One of the most impressive ruins at Patara is the Roman Arch of Triumph, dated to the end of the 1st century AD. Among the other remains that can be seen towards the hill are the baths, a Byzantine basilica, and a Corinthian-style temple. The theatre, which is not on the side of the hill, is for the most part covered by sand. On the top of the hill is the Temple of Athena. The ancient port today is a part of the region’s wetlands. Barriers have been set up above Patara Beach to prevent further shifting of the sand by the winds.

Patara Beach

The beach is eighteen kilometres long and extends inland as much as 200 to 300 metres. The sand is very fine, just like flour, and the water is shallow for a long way out. The area is suitable for windsurfing since the breeze never stops. The beach is under environmental protection as rare sea turtles lay their eggs in the sand. There are restaurants in the area. The sun is turning hot and, as there is no shade on the beach, do not forget to rent an umbrella at the entrance.

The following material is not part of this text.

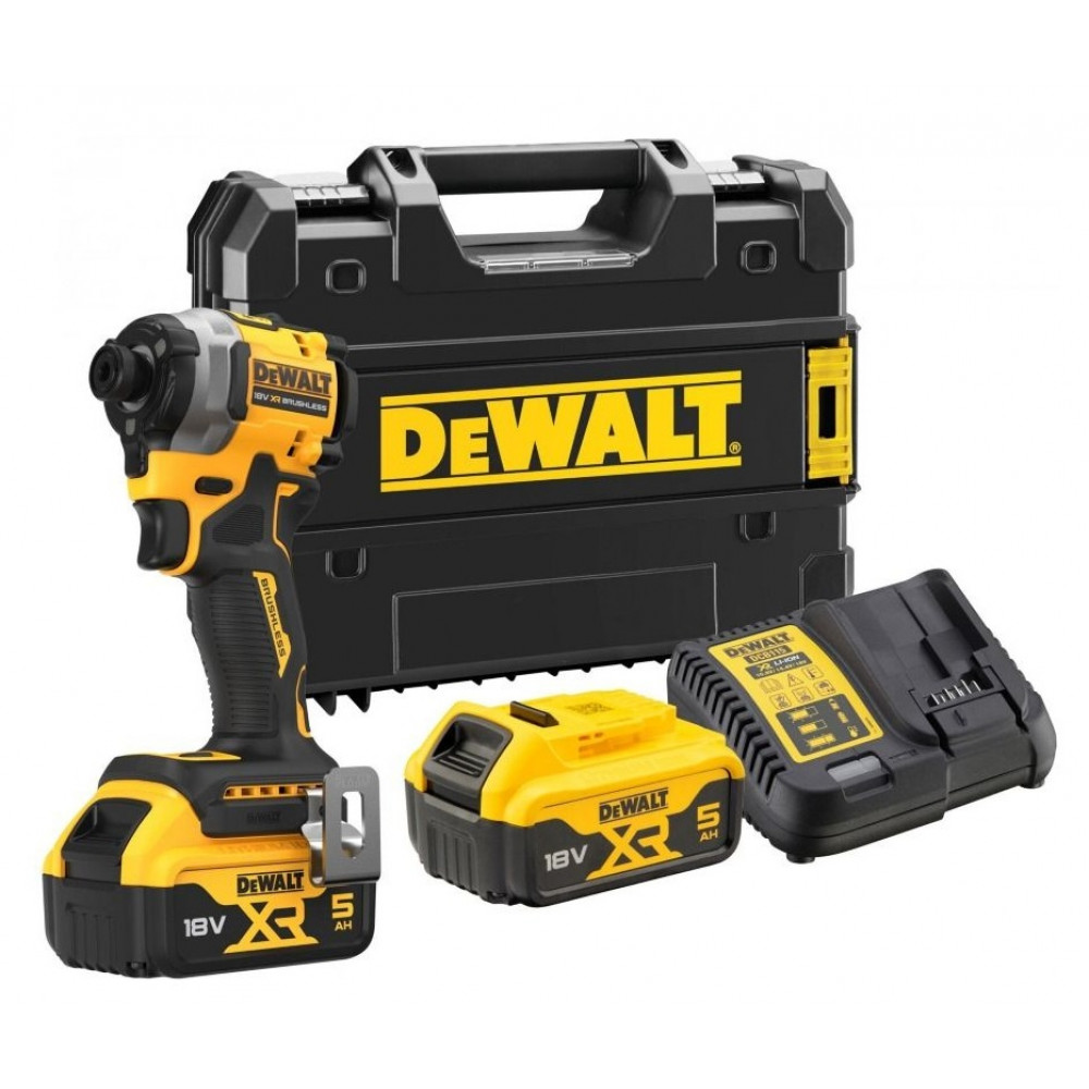 Шуруповёрт DCF850P2T-QW импульсный бесщеточный, 1/4", 18В XR 2х5 А/ч в кейсе TSTAK DEWALT

Horse Riding on Patara Beach

At Patara’s Sultan Farm Horse Riding Centre you can join a horseback trip along the beach. The tours, on thoroughbred horses, last a few hours or more according to your wishes, and you can have a meal included or not. The tour takes in the sides of the channel, sand hills, and seaside. Along the route you pass through ruins of ancient cities, forests, and valleys. Generally, early mornings are preferred for the tour. If you have never ridden a horse, do not worry since information is provided before setting off.

Eşen River and Canoeing

Esen River, which forms the border between the provinces of Antalya and Mugla, is a meeting point for canoe enthusiasts. Canoeing tours from Kalkan, Kas, Fethiye, and even more distant cities start here. The 15- kilometre route, which begins from the bridge at Kınık, ends at the magnificent beaches of Patara. The water of the Esen River is clean enough to drink. As the current is calm, there is not much risk of rolling your canoe, though it is best to keep an eye out for small bumps and counter currents. The tour organizers provide lifejackets and the team leader keeps an eye on canoeists. This scenic trip lasts about 6.5 hours including a mud bath break on the way.